M. de l’Estrac ne suscite pas beaucoup d’enthousiasme, car son pays d’origine, Maurice, est « un petit pays dont la voix ne compte pas beaucoup dans les forums internationaux », a affirmé récemment un diplomate francophone au réseau français RFI.
Âgé de 77 ans, l’ambassadeur du Congo à Paris, Henri Lopes, qui a aussi été fonctionnaire de l’UNESCO, pourrait être le principal adversaire de Mme Jean. Mais cet homme de lettres réputé n’a pas vraiment fait campagne pour le poste, tablant essentiellement sur sa notoriété pour l’emporter.
De son côté, Pierre Buyoya pourrait être un candidat intéressant pour avoir joué un rôle dans les négociations qui ont mené à un accord de paix dans son pays en 2000, mais il traîne un handicap sérieux : il a fomenté deux coups d’État pour accéder au pouvoir, en 1987 et en 1996.
Appui de plusieurs pays africains
Même si la tradition veut que le secrétaire général de l’OIF soit issu d’un pays d’Afrique, Mme Jean, qui est devenue il y a quatre ans l’envoyée spéciale de l’UNESCO pour Haïti, disposerait donc d’une certaine longueur d’avance sur les autres candidats, selon certains observateurs.
D’autant plus que les pays d’Afrique n’ont pas réussi à établir un consensus autour d’un candidat venant du continent à quelques jours du sommet. Selon des informations obtenues par La Presse, Mme Jean aurait d’ailleurs l’appui tacite d’un certain nombre de pays africains, dont la Côte d’Ivoire, le Cameroun, la Tunisie, le Sénégal et le Burkina Faso.

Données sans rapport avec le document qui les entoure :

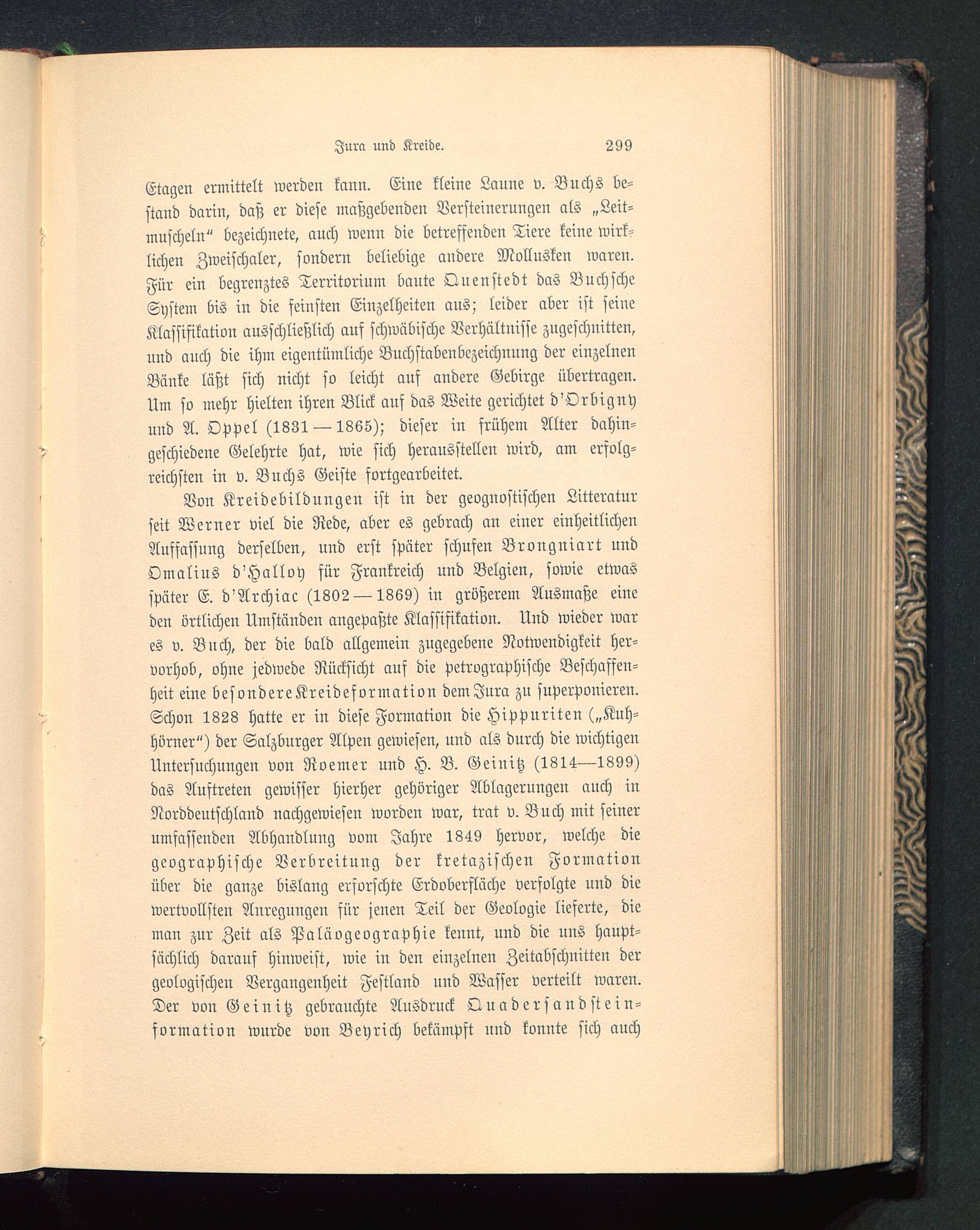 Etagen ermittelt werden kann. Eine kleine Laune v. Buchs be-stand darin, daß er diese maßgebenden Versteinerungen als „Leit-muscheln" bezeichnete, auch wenn die betreffenden Tiere keine wirk-lichen Zweischaler, sondern beliebige andere Mollusken waren.Für ein begrenztes Territorium baute Quenstedt das BuchscheSystem bis in die feinsten Einzelheiten aus; leider aber ist seineKlassifikation ausschließlich auf schwäbische Verhältnisse zugeschnitten,und anch die ihm eigentümliche Bnchstabenbczeichuung der einzelnenBänke läßt sich nicht so leicht ans andere Gebirge übertragen.Um so mehr hielten ihren Blick ans das Weite gerichtet d'Orbignyund A. Oppel (1831 — 1865); dieser in frühem Alter dahin-geschiedene Gelehrte hat, wie sich herausstellen wird, am erfolg-reichsten in v. Buchs Geiste fortgearbeitet.

Et la France, un acteur fort important au sein de la Francophonie qui se rallie au consensus africain, n’écarte pas l’option de se ranger à la candidature de Mme Jean si aucun des quatre aspirants d’Afrique ne parvient à s’imposer comme le candidat incontournable de ce continent.
Longue campagne
Il faut dire que Mme Jean fait campagne pour obtenir ce poste depuis plusieurs mois. Elle s’est rendue dans la plupart des pays d’Afrique et vient de terminer une tournée de trois pays d’Asie du Sud-Est qui sont membres de l’OIF, soit le Viêtnam, le Laos et le Cambodge. Elle a reçu un accueil chaleureux des dirigeants de ces trois pays, qui pourraient lui donner leur appui lors du sommet. Évidemment, Mme Jean a l’appui de son pays d’origine, Haïti.
Le ministre responsable du Développement international et de la Francophonie, Christian Paradis, affiche un optimiste prudent quant aux chances de Mme Jean d’accéder à la tête de l’OIF.
« Michaëlle Jean est la personne toute désignée pour ce poste. Elle comprend bien la Francophonie dans toute sa finesse. Elle est originaire d’Haïti. Elle comprend le Canada et le Nord. Elle a un vaste réseau international. Elle comprend bien l’Afrique. Elle revient d’une mission en Asie. Je suis content que l’on fasse front commun pour sa candidature, le Québec, le Nouveau-Brunswick et le Canada. Je crois que ça va bien. Mais il va falloir continuer à travailler jusqu’au bout pour bâtir un consensus. On met les bouchées doubles, même les bouchées triples », a affirmé M. Paradis dans une entrevue à La Presse.
Paradis heureux du virage économique
Le ministre canadien du Développement international et de la Francophonie, Christian Paradis, se réjouit de voir que l’Organisation internationale de la Francophonie prend un virage plus économique. Immédiatement après le Sommet de la Francophonie, à Dakar, aura lieu aussi le tout premier Forum économique de la Francophonie. « Nous voulons créer une dynamique économique forte au sein des pays francophones. C’est un développement incroyable. Nous voulons trouver des solutions concrètes pour faciliter des maillages qui soient à l’avantage de tous au niveau de la francophonie. Il y a beaucoup d’appétit pour resserrer les liens économiques entre les pays francophones. Cela concorde aussi avec notre politique de développement international », a dit M. Paradis.